Stages of ROP
Stage I — Mildly
abnormal blood vessel growth. Many children who develop stage I improve
with no treatment and eventually develop normal vision. The disease
resolves on its own without further progression.
Stage II — Moderately
abnormal blood vessel growth. Many children who develop stage II
improve with no treatment and eventually develop normal vision. The
disease resolves on its own without further progression.
Stage III — Severely
abnormal blood vessel growth. The abnormal blood vessels grow toward
the center of the eye instead of following their normal growth pattern
along the surface of the retina. Some infants who develop stage III
improve with no treatment and eventually develop normal vision.

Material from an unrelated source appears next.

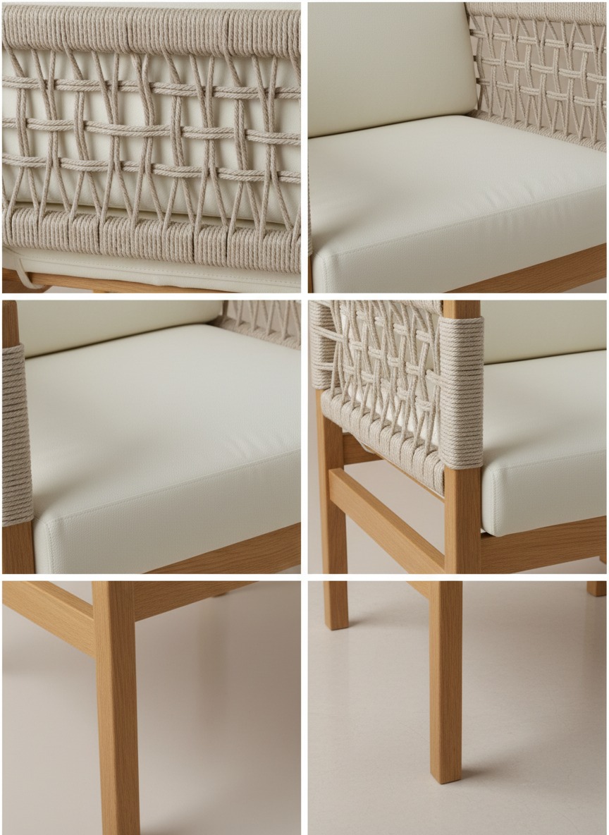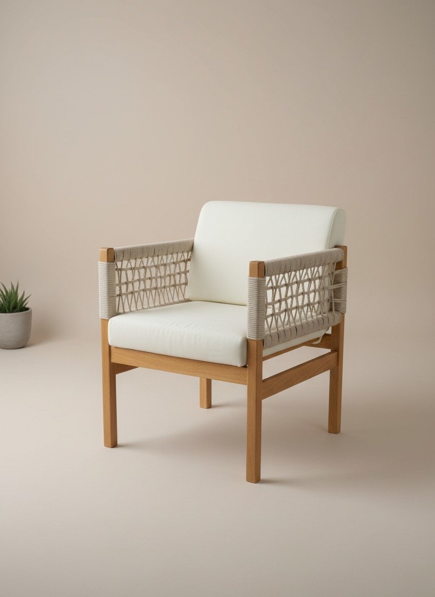 Doğal ahşap iskeleti ve estetik el örgüsü ip detaylarıyla tasarlanmış bu koltuk, hem iç mekan hem de dış mekan kullanımı için mükemmel bir konfor sunar. Dayanıklı yapısı ve ergonomik sırt minderi ile balkon, bahçe veya salonunuzun en şık parçası olmaya adaydır.

However, when infants have a certain degree of Stage III and "plus
disease" develops, treatment is considered. "Plus disease" means that
the blood vessels of the retina have become enlarged and twisted,
indicating a worsening of the disease. Treatment at this point has a
good chance of preventing retinal detachment.
Stage IV — Partially
detached retina. Traction from the scar produced by bleeding, abnormal
vessels pulls the retina away from the wall of the eye.
Stage V — Completely
detached retina and the end stage of the disease. If the eye is left
alone at this stage, the baby can have severe visual impairment and
even blindness.
Most babies who develop ROP have stages I or II. However, in a small
number of babies, ROP worsens, sometimes very rapidly. Untreated ROP
threatens to destroy vision.
The Risk Factors associated with ROP:
In addition to birth weight and how
early a baby is born, other factors contributing to the risk of ROP
include anemia, blood transfusions, respiratory distress, breathing
difficulties, and the overall health of the infant.
An ROP epidemic occurred in the 1940s and early 1950s when hospital
nurseries began using excessively high levels of oxygen in incubators
to save the lives of premature infants. During this time, ROP was the
leading cause of blindness in children in the US. In 1954, scientists
funded by the National Institutes of Health determined that the
relatively high levels of oxygen routinely given to premature infants
at that time were an important risk factor, and that reducing the level
of oxygen given to premature babies reduced the incidence of ROP. With
newer technology and methods to monitor the oxygen levels of infants,
oxygen use as a risk factor has diminished in importance.
Although it had been suggested as a factor in the development of ROP,
researchers supported by the National Eye Institute determined that
lighting levels in hospital nurseries has no effect on the development
of ROP.
What is Plus disease?
As ROP progresses, more and more
shunting occurs in the neovascular tissue at the retinal
vascular-avascular junction. This increased retinal vascular blood flow
results in dilation and tortuosity of the major retinal arteries and
veins in the posterior pole - a development described as "plus
disease". For an eye to qualify as having plus disease, these vascular
changes must be present in at least two of the four quadrants around
the optic nerve.
What is Rush disease?
Rapidly progressive, very severe ROP in posterior zone I is a poor
prognostic sign and is frequently called "rush disease".